Later, I went back to that Starbucks during our mid-morning break. Different clothes, different mask; I didn’t expect to be remembered or recognized as the hillbilly who couldn’t even find the door to go in three hours earlier.
This time, I had to wait for my order and as I stood on my designated spot on the floor, I looked around.
“This section temporarily closed” said the sign in the middle of a long, wooden table with eight chairs around it.
“This section temporarily closed” said the sign on a bank of seats along the window.
It was disheartening to witness in person how we can’t gather anymore at any of our favourite places. Most of our former activities – much of our former lives – are truly off-limits now.
Then I heard, “Here’s your coffee, Sara.”
How did she know my name? Wow, these guys are good. I grabbed my coffee-to-go and MY NAME WAS SPELLED CORRECTLY on the sticky receipt. How did they know?
Because I was wearing a name tag for the course.
I laughed, the person behind the counter laughed, and I said we should all wear name tags.
I headed out feeling special and light-hearted.
As I crossed the parking lot and hit the grassy verge at the street, a wave of emotion swelled up in me.
For everything we have lost.
For the way everything has changed.
For what has been lost and may never be regained.
In that moment of upswelling emotion, I could have cried. For the way our world used to be. When we could be around others and chat and laugh without fear. When we could connect with others without face coverings and hand sanitizer. When we could hug and touch, comfort and acknowledge. When we could pass on the sidewalk without averting our heads, or stepping out onto the street.
When it didn’t feel like we were avoiding each other.
Yet consider what happened: On that morning, in the early days of our “new normal”, during this new way forward into a different future, I was called by name.
I felt recognized and known.
In the midst of the shitstorm that is the world right now, when the news is distressing and overwhelming yet we need to sit with our discomfort because this IS our world right now, someone spoke my name.

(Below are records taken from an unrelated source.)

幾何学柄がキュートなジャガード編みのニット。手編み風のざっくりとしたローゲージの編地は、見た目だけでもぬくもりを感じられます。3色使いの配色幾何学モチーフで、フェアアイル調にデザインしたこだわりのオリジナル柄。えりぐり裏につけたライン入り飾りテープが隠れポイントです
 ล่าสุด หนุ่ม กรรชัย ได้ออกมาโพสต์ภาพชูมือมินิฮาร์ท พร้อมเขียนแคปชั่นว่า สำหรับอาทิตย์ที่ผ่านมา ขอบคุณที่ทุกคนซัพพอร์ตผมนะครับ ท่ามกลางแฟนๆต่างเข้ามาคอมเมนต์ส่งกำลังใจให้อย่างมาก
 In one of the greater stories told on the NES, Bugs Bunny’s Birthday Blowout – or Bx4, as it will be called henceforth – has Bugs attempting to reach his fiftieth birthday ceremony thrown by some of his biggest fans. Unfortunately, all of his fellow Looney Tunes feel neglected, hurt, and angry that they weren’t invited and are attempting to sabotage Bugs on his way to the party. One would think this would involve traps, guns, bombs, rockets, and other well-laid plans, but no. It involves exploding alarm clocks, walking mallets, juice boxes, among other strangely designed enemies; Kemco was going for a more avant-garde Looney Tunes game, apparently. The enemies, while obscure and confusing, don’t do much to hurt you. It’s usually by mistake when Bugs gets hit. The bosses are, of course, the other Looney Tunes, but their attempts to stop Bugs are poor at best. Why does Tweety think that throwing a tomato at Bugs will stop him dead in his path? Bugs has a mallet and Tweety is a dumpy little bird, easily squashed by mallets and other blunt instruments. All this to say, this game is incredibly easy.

It happened only because I was wearing a name tag so it’s not the literal fact that matters but rather what it represents: The power of speaking a name, the impact of hearing your own name spoken unexpectedly in the midst of all of this chaos and uncertainty.

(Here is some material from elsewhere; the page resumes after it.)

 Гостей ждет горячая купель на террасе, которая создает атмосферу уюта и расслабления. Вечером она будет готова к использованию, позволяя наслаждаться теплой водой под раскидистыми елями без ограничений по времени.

There is so much we don’t know about the weeks and months to come but –
I know you.
You know me.
We still connect. Even if it’s fleeting.
Remarkably, life is going on.
We are the same yet different.
We are finding the way forward; even if the path seems more treacherous, it is still familiar.

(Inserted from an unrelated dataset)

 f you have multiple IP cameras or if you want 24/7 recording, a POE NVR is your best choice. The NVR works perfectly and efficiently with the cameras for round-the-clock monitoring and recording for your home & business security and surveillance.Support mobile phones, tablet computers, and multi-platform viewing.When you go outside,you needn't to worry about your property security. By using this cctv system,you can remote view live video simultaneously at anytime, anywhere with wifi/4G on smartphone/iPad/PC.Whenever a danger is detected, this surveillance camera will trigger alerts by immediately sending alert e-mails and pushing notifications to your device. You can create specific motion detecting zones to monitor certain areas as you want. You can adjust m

We are figuring out ways to do what we need to do. We are willing to give up our wants.
We are more resilient and creative, more adaptable and innovative, more compassionate and thoughtful than we give ourselves, and others, credit for.
Which is why we need to work together – with, not against each other.
It’s why we need to wear a name tag when we go out into the world.
Because hearing your name spoken from behind a mask, from behind a barrier is the sweetest encouragement we can get in this brave new world we’re living in.